Install Dependencies

pip install honeyhive strands boto3

AWS Credentials Setup

AWS Strands uses AWS Bedrock, so you need valid AWS credentials:

Option 1: Environment Variables

export AWS_ACCESS_KEY_ID=your-access-key
export AWS_SECRET_ACCESS_KEY=your-secret-key
export AWS_REGION=us-west-2

Option 2: AWS SSO / CLI Profile

# Configure AWS CLI profile
aws configure sso

# Use profile
export AWS_PROFILE=your-profile
export AWS_DEFAULT_REGION=us-west-2

Option 3: IAM Role (EC2, Lambda, ECS)

If running on AWS infrastructure, use IAM roles - no credentials needed!

Model Access

AWS Bedrock models are available by default in your AWS account.
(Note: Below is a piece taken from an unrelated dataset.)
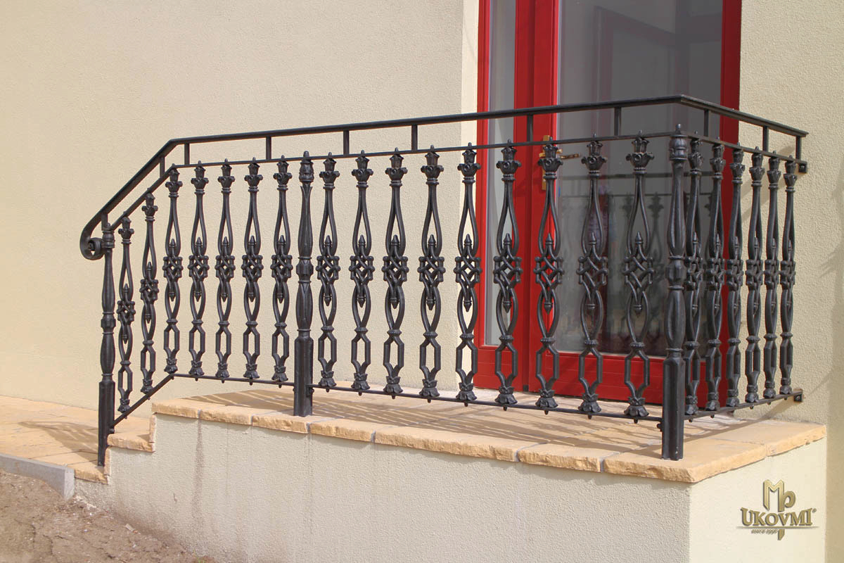 Copie de la balustrade historique sur le balcon d'une maison bourgeoise du XVIe siècle

For Anthropic Claude models, first-time customers must submit use case details (done automatically in the AWS Console when you first select a model) and agree to the EULA when first invoking the model.

No manual access request needed - simply start using the models!

Common model IDs:

  • anthropic.claude-haiku-4-5-20251001-v1:0 - Claude Haiku 4.5 (latest, fastest)

  • anthropic.claude-sonnet-4-5-20250929-v1:0 - Claude Sonnet 4.5 (latest, balanced)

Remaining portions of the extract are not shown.